This project has the sole purpose of tokenizing JavaScript by traversing a given file (stringified) and generating an abstract syntax tree from the resulting tokenization process
JCT does not worry about loading the files or what to do with the files after pushing them into an abstract syntax tree it simply concerns itself with the process of generating an AST
Other projects utilise this projects and take the resulting abstract syntax tree and transpire the JavaScript accordingly
For example require to ecma takes the abstract syntax tree generated from this code and uses it to transpile code that contains the old require import system into the new es6 import system
usage
Install it
npm i javascript-compiling-tokenizer
Import it
import { LexicalAnalyzer, Generator } from 'javascript-compiling-tokenizer';
Initialize it
const tokenizer = new LexicalAnalyzer(options)

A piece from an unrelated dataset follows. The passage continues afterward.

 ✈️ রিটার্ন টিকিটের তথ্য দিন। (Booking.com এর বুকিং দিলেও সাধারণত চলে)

//options only have one property.... 'verbose' [boolean]
Its as simple as providing an array of functions. The functions are given the following arguments:
char:string, current:number, input:string
char is the string at the current position, current is the index of the current position in the input string and input is a stringified version of the whole file.
The function must return an object (IThirdPartyParsingResult) containing:
{
payload: {type: 'coolnew type', value: 'the value'} //the token
current: number //new cursor position after going through this function
}
Third party lexical checks are always performed first.

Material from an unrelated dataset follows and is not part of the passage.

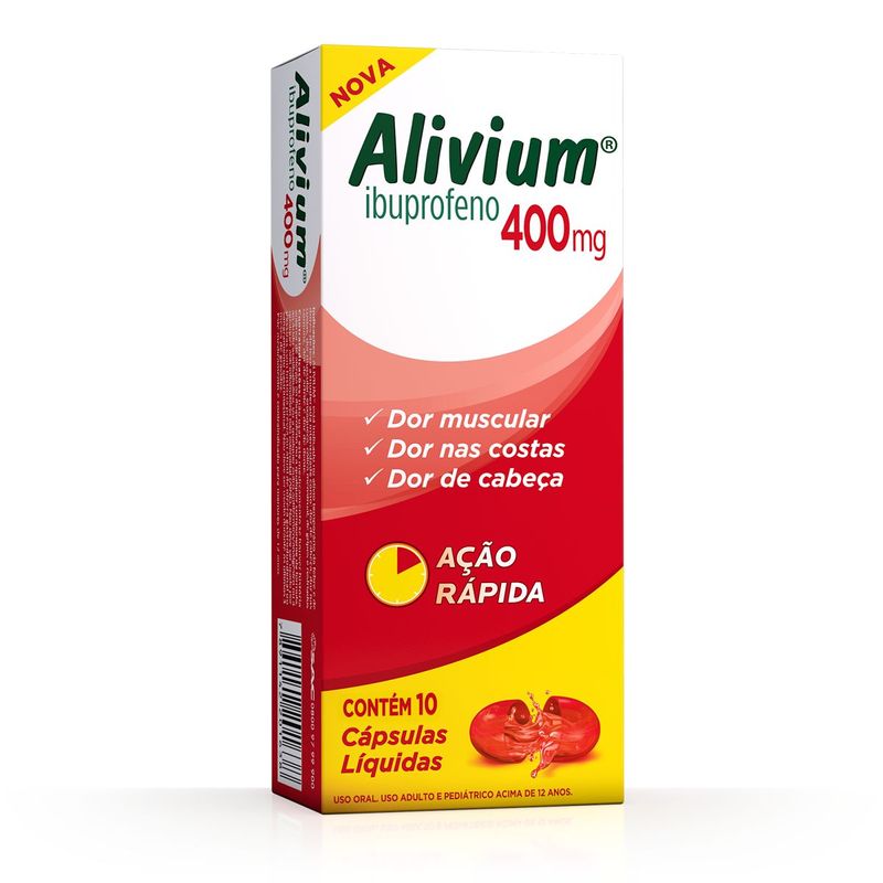 Alivium® traz o ibuprofeno na inovadora cápsula mole (cápsula líquida), onde o analgésico encontra-se na forma líquida no interior de uma cápsula mole, proporcionando início de ação mais rápido.

Transforming tokens into Javascript
new Generator().start(tokens)
This will return a string representation of the tokens provided. all you have to do is pipe it into a file.
Dev notes
The tokenizer will recurse in the following conditions:
if it finds an opening parenthesis (
if it finds an opening code block {
if it finds an opening array [
if it finds a declaration const, let, var
Examples
There are more examples of this being used on a react file, normal js file and a file containing the 'old' 'defines' method to import things in ./tests/beforeandafter
Gotchas
This tokenizer wont parse files correctly if variables are not declared properly. If you declare variables without a declaration statement such as const, var, let. Then this tokenizer is not for you.

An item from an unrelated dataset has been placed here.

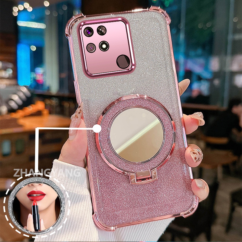 Capa Para redmi 10C Quatro Cantos anti-Queda Galvanizado glitter De Telefone Com Recursos Estéticos E Suporte De Espelho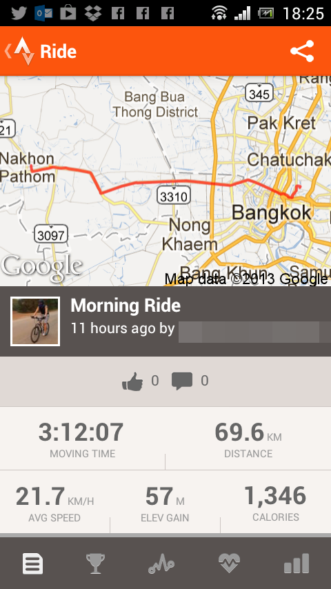 จากนั้นก็วิ่งยาวจนถึงหน้ามหาวิยาลัยมหิดลศาลายา จากนั้นแรงเริ่มตก ก็แวะกินข้าวกินน้ำกินขนมและพยายามเลี้ยงรอบขาให้ความเร็วไม่ต่ำกว่า 20 กิโลเมตรต่อชั่วโมงครับ

Parser doesn't support comma separated declarations. let var1,var2,var3,var4; will not parse correctly.
Some regex
import*as_from'underscore';
import*ascolorsfrom'colors';
constCARRIAGE_RETURN=/\n/;
constEOL=/\r/;
constWHITESPACE=/\s/;
constNUMBERS=/[0-9]/;
constDECLARABLE_CHARACTERS=/[A-Za-z_.$]/i;
The AST
{
"tokens":[{
"type":"name",
"value":"import"
},{
"type":"operator",
"value":"*"
},{
"type":"name",
"value":"as"
},{
"type":"name",
"value":"_"
},{
"type":"name",
"value":"from"
},{
"type":"string",
"value":"underscore"
},{
"type":"statementSeperator",
"value":";"
},{
"type":"carriagereturn",
"value":1
},{
"type":"name",
"value":"import"
},{
"type":"operator",
"value":"*"
},{
"type":"name",
"value":"as"
},{
"type":"name",
"value":"colors"
},{
"type":"name",
"value":"from"
},{
"type":"string",
"value":"colors"
},{
"type":"statementSeperator",
"value":";"
},{
"type":"carriagereturn",
"value":2
},{
"type":"carriagereturn",
"value":3
},{
"type":"const",
"value":[{
"type":"name",
"value":"CARRIAGE_RETURN"
},{
"type":"assigner",
"value":"="
},{
"type":"assignee",
"value":"/\\n/"
}]
},{
"type":"carriagereturn",
"value":4
},{
"type":"const",
"value":[{
"type":"name",
"value":"EOL"
},{
"type":"assigner",
"value":"="
},{
"type":"assignee",
"value":"/\\r/"
}]
},{
"type":"carriagereturn",
"value":5
},{
"type":"const",
"value":[{
"type":"name",
"value":"WHITESPACE"
},{
"type":"assigner",
"value":"="
},{
"type":"assignee",
"value":"/\\s/"
}]
},{
"type":"carriagereturn",
"value":6
},{
"type":"const",
"value":[{
"type":"name",
"value":"NUMBERS"
},{
"type":"assigner",
"value":"="
},{
"type":"assignee",
"value":"/[0-9]/"
}]
},{
"type":"carriagereturn",
"value":7
},{
"type":"const",
"value":[{
"type":"name",
"value":"DECLARABLE_CHARACTERS"
},{
"type":"assigner",
"value":"="
},{
"type":"assignee",
"value":"/[A-Za-z_.$]/i"
}]
}],
"current":211
}
The generated code
(its the same...)
import*as_from'underscore';
import*ascolorsfrom'colors';
constCARRIAGE_RETURN=/\n/;
constEOL=/\r/;
constWHITESPACE=/\s/;
constNUMBERS=/[0-9]/;
constDECLARABLE_CHARACTERS=/[A-Za-z_.$]/i;
Trixie code
if(true===false&&!!(false>=true)||false!=true)
{
let result =(((5*5)%5)/5);
console.log('test',()=>{return/** random inline comment */!!true})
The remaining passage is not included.